The proposed “Baltic Reassurance Act” aims to more closely integrate the Baltic countries into NATO, but its most controversial clause is the suggestion that “the United States should lead a multilateral effort to develop a strategy to deepen joint capabilities with [those three countries], NATO allies, and other regional partners”, strongly implying that this legislation is a ruse for provoking Russia by facilitating non-NATO-members Finland and Sweden’s military interoperability with the bloc under the pretext of protecting the Baltics.
Texas Republican Congressman Michael Conaway introduced the so-called “Baltic Reassurance Act” into the House earlier this month, which recently drew the attention of Russian Chairman of the Committee on International Affairs Leonid Slutsky who alleged that its true purpose is to push American arms onto the countries abutting Russia’s borders. While that’s certainly true, there might actually be a bit more of an anti-Russian provocation brewing if this bill ultimately enters into law judging by its ultra-controversial clause that “the United States should lead a multilateral effort to develop a strategy to deepen joint capabilities with Lithuania, Latvia, Estonia, NATO allies, and other regional partners”, with a key emphasis being placed on the last-mentioned “regional partners”.

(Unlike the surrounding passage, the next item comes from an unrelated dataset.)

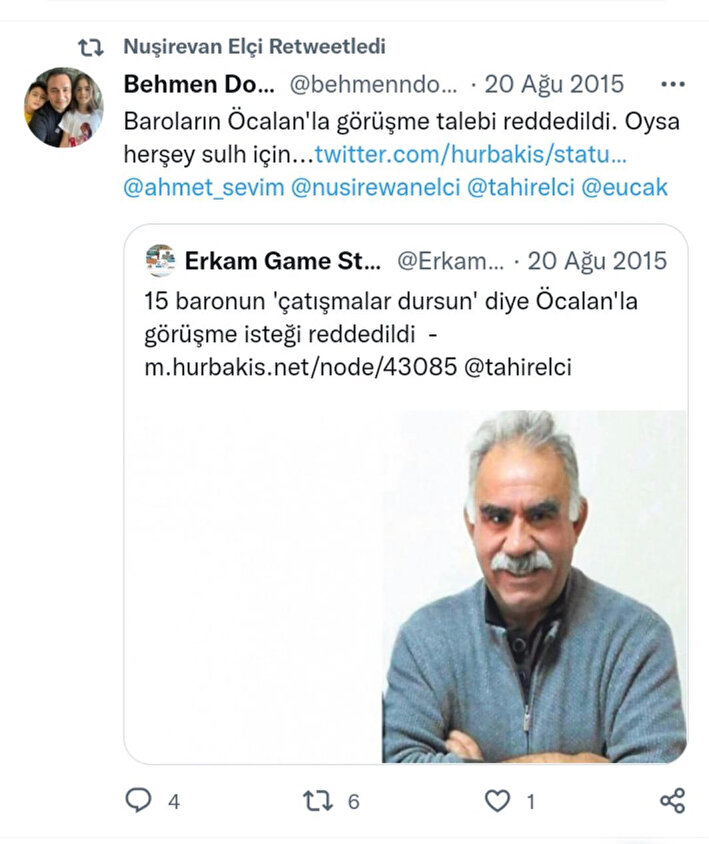 Türkiye'ye 'eksiksiz demokrasi' getireceğini ifade eden Elçi'nin terör örgütü PKK'ya destek paylaşımları ortaya çıktı. Sosyal medya hesabından PKK elebaşı Öcalan'ın fotoğraflarının bulunduğu paylaşımlar yapan Elçi'nin örgüte desteğini gizlemediği görüldü.

The only realistic countries that this could refer to are non-NATO-members Finland and Sweden, making it suspiciously seem like this legislation is a ruse for facilitating those countries’ military interoperability with the bloc under the pretext of protecting the Baltics from so-called “Russian aggression”. The case being made in the text is that these former Soviet Republics are supposedly vulnerable to a lightning-fast military attack from their neighbor, one which might be so quick that it overwhelms NATO’s troops there and succeeds before the bloc can call in reinforcements. In the extremely unlikely chance that this fringe scenario comes to pass, the only real recourse that the US believes it can have is to rely on its its nearby “NATO allies, and other regional partners” to buy time before its own forces can arrive en masse to the area of operations.
It’s here where Poland (the US’ top NATO ally), Finland, and Sweden are envisaged as having a role to play. The first-mentioned country used to be part of the same historical Great Power as Lithuania during the centuries of their Commonwealth, so it naturally has an interest in expanding its growing “sphere of influence” into the Baltic region. Being the most populous country and best-performing economy out of all the former communist satellites, it makes sense for the US to consider Poland as its “Lead From Behind” ally in the Central European space and use it as its hub for military activity in the broader region, as it’s now planning to do following the latest US-Polish military deal that was clinched last week during President Duda’s visit to DC.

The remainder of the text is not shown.